Tampoco quiere decir que el tímpano no sufra daño, sino que lo que se conoce como sordera puede ser producido por dos causas, una de ellas con solución "temporal"

Saludos

PD: Esta conclusión la saque leyendo sobre Hugo Zucarelli.


----------



## antiworldx (Ago 2, 2010)

Yo opino, que no es el nivel, si no la calidad de musica... estoy seguro que con regatón a un nivel mucho mas bajo deja sordo de por vida en unos dias.

Jajaja, ok, era un comentario sin fundamentos. Pero lo que si tengo entendido, es que el oido tiene un limite, y pasados XX decibeles (los cuales obviamente no recuerdo), es cuando empieza a sufrir deterioro, algo parecido que con la ceguera, los lassers y UV.


----------



## Fogonazo (Ago 2, 2010)

Respecto a los tiempos de exposición:
No solo hay que considerar el tiempo del "Recital", sino también ensayos, períodos de composición, períodos de de pruebas de sonido, sumando todo = mucho tiempo.
Respecto a los 3 db/m de ezavalla, muy cierto, pero por otro lado tienes guitarristas que tocan frente a "Paredones" de parlantes.
Además de los retornos, ruido del público y "otras yerbas" 

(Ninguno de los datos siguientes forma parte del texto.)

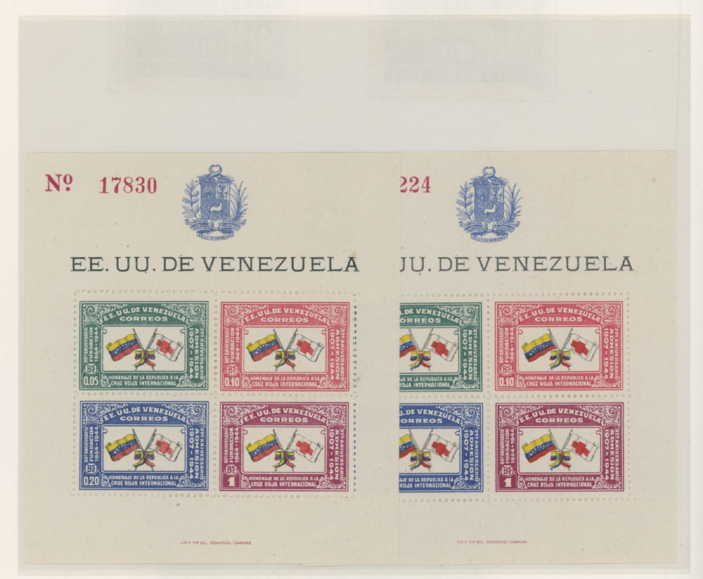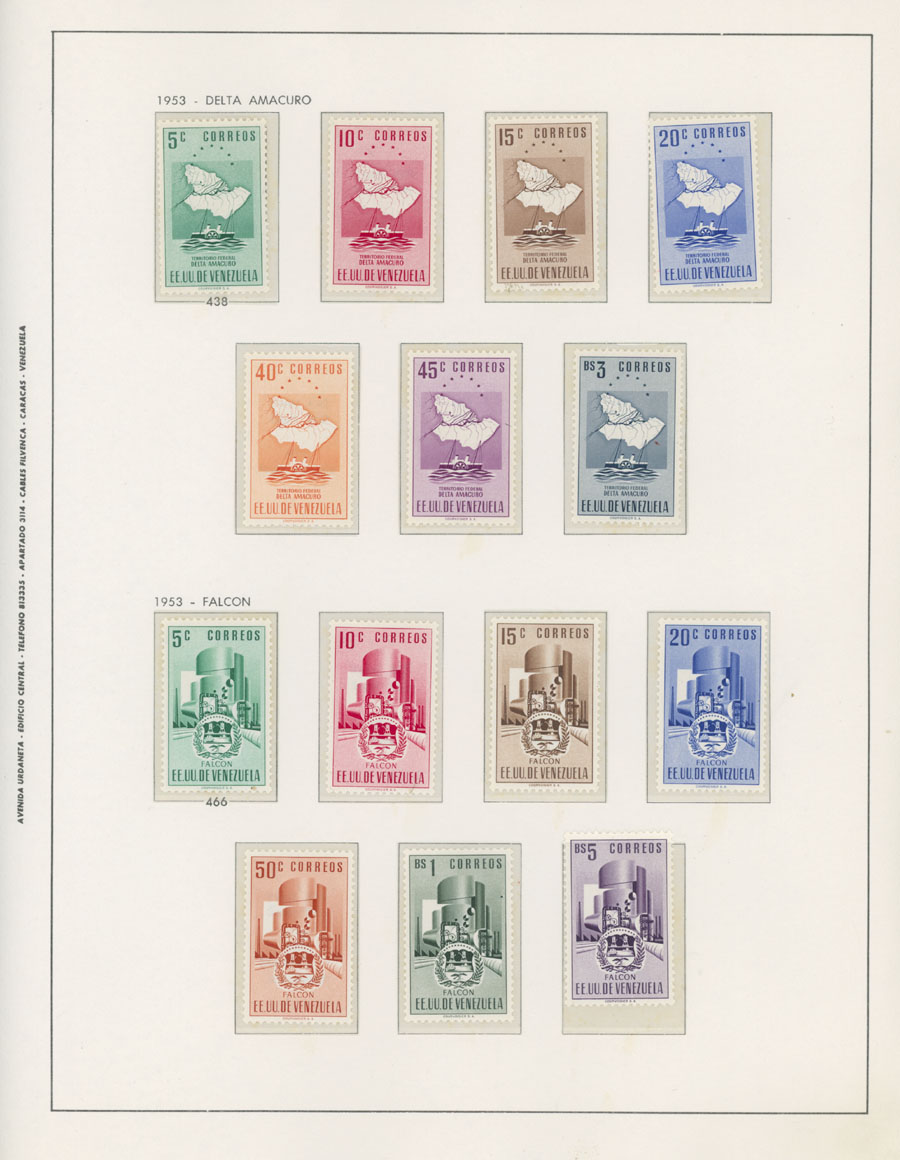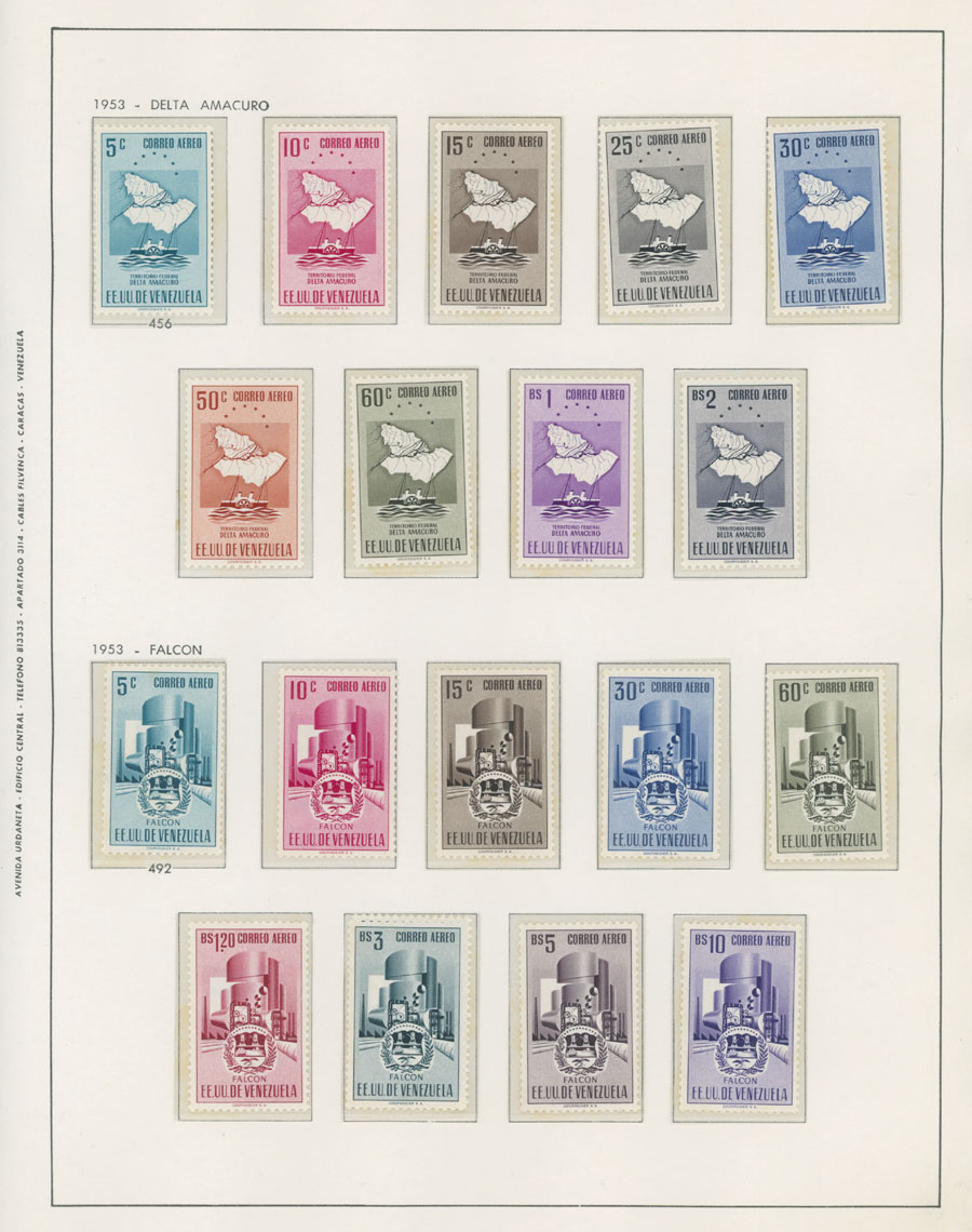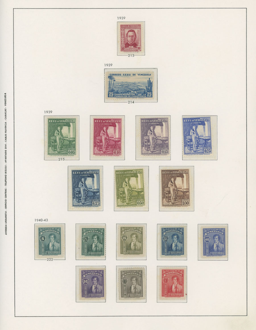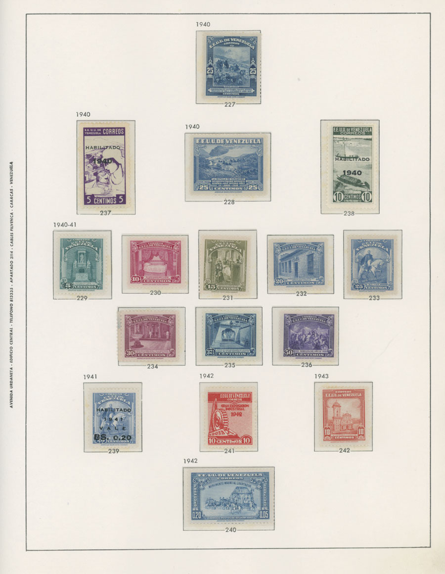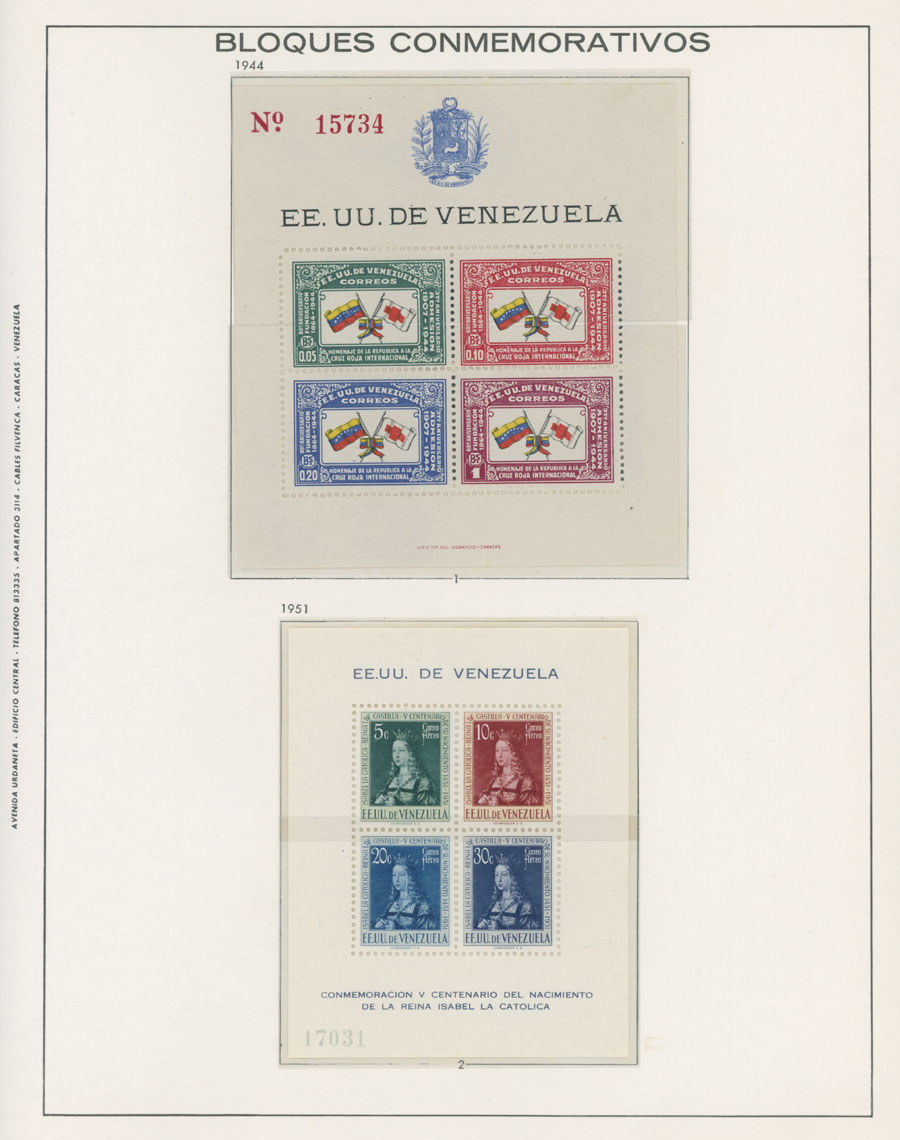 LARGE AND VALUABLE COLLECTION IN TWO LARGE ALBUMS: 1859-1984, about 2600 mostly mint stamps, 37 souvenir and miniature sheets, 15 FD covers, postage, air post and back of the book material, starting with Coat of Arms from 1859-77, then numerous Bolivar definitives, some nice perforation and printing errors, ”Provinces” long postage and air post issues, very well completed unit with some blocks of four and extra mainly classic duplicates on VARIO pages (over 300 stamps), nice collection, mainly full OG, generally LH, some NH, a few dozens used, F/VF, C.v. $14,250, including $7,400 in air post part plus about $1,500 in duplicates, Est. $2,500-$3,000

Cuando me refiero a otras yerbas quiero decir otros items y no


----------



## Cacho (Ago 2, 2010)

Los músicos de rock *sí* son "sordos".

No perdieron totalmente el oído, pero oyen menos que yo en la mayoría de los casos que conozco. He notado que tienen un oído mucho más entrenado y son capaces de distinguir matices que a mí se me hacen casi imposibles, pero eso sí, a volúmenes medianamente altos de escucha.
Si ponemos el volumen bajito, los músicos en cuestión ya no pueden apreciar la música de la misma manera, se les hace bastante cuesta arriba (insisto, basándome en los casos que conozco).

Saludos


----------



## bocagonza (Ago 2, 2010)

> Yo opino, que no es el nivel, si no la calidad de musica... estoy seguro que con regatón a un nivel mucho mas bajo deja sordo de por vida en unos dias.


jaja muy buna respuesta!!


----------



## capitanp (Ago 2, 2010)

Bueno en realidad los musicos no se encuentran expuestos al PA (public Addrees) ya que los sistemas (line array) que producen esos altos niveles de SPL solo lo hacen de frente y son increiblemente "filosos" si nos desplazamos a 90° del centro (es como si estubieran apagados, ellos se encuentran en el "Backline"  les puedo asegurar por experiencia propia que si no tendrian los monitores individuales no escucharian nada


----------



## Lord Chango (Ago 2, 2010)

Fogonazo dijo:


> Respecto a los 3 db/m de ezavalla, muy cierto, pero por otro lado tienes guitarristas que tocan frente a "Paredones" de parlantes.



Ojo, que generalmente están tocando de espaldas a éstos parlantes, no creo que afecte igual a la audición. De hecho, los parlantes de monitoreo se ponen para que den directamente a la cara del músico, y no son las terribles bestias que sonorizan los recitales.

Pero que te afecta la audición, no me quedan dudas.

Saludos!


----------



## gls2000 (Ago 2, 2010)

La respuesta de Capitanp es muy acertada. Los monitores sobre el escenario tienen una presion sonora mucho mas baja que el Frente. Hoy se usa mucho el "in-ear" que es un auricular, esto se usa también para bajar el nivel de presion sonora.

"Respecto a los 3 db/m de ezavalla, muy cierto, pero por otro lado tienes guitarristas que tocan frente a "Paredones" de parlantes."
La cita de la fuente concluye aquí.